Travellers, we grasp on to objects and hope to understand a place through its tools. There is so much we don’t understand. So we choose a thing that can be held. Often, of course, we don’t hold it, the object. But we could.

The demystifying internet could tell us what-why each is. We would rather the question sit like an egg in our incubating hands. We feel a tap from inside every time we see the thing in the world.

The men’s long pinky fingernails.

The wood shavings in the apothecary.

The buckets in your bathroom, and no sink.

The fumigation equipment in your uncle’s bedroom.

The half litre ice cream container full of sky coloured toothpaste in your family’s kitchen.

The dye stained wings of pigeons.

The five foot baskets for sale.

Then, one day, there is the clear thrill of realization.

The long finger nail dips into anesthetic. It dabs the liquid onto the plucked belly of a rooster. He can go on slashing, tail feathers bouncing, to finish the fight without registering pain.

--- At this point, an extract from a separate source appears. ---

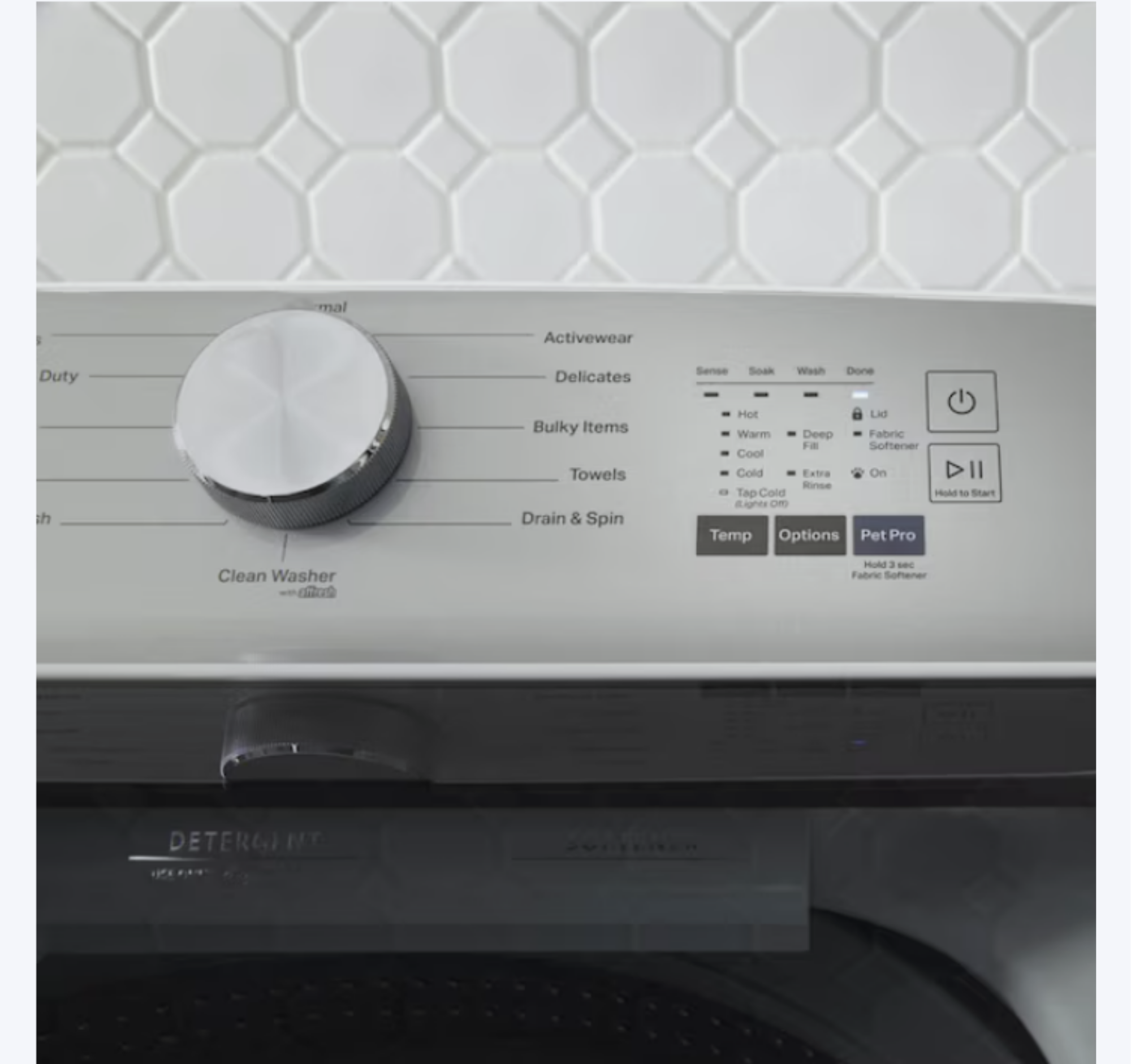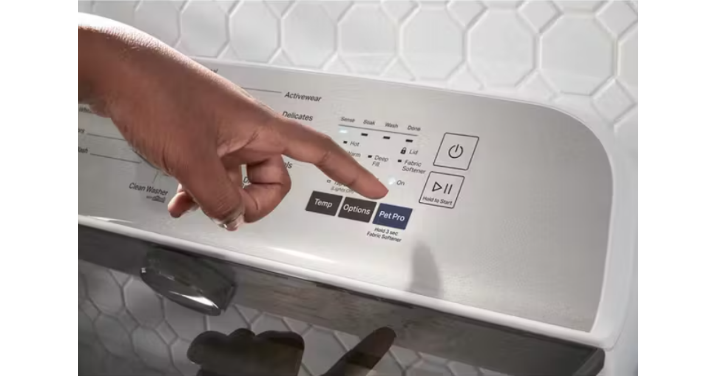 Washer Options: Deep Water, Pet Pro, Quick Wash, Water Faucet, Extra Rinse, Fabric Softener, Temperature

Your uncle is a health inspector. He inspects Casa de la Musica, the nightclub known for its live music. It costs 15 tourist dollars to get in, almost a month’s salary in your currency. But they usher him in for free, his feet move like water over the tiles, broad smile sweaty eyelids, while the band plays.

The baskets hold pigs. Hundreds of pounds of pork-still-pig are strapped to the back of motorbikes. The pigs are held like thumbs in finger traps that squeeze the body tighter as it tries to pull out. The hatching of the basket obscures the pig. The giveaway is the flesh meniscus that overflows out of the ovoid’s mouth. Three schmears of poop and three stem tails, kinked, flash by at 5o mph.

In our clear thrill, we feel that we are getting somewhere. Now we understand something of this place and of its people. We bring back the eggshells of our conceited hatchling, to pickle in memory formaldehyde. We hold it up to our friends and say ‘This is how it is there’, like early 1900s anthropologists, asserting ourselves as authorities we couldn’t be further from. Back to Britain with the answers, all the objects, stuffed into our pockets.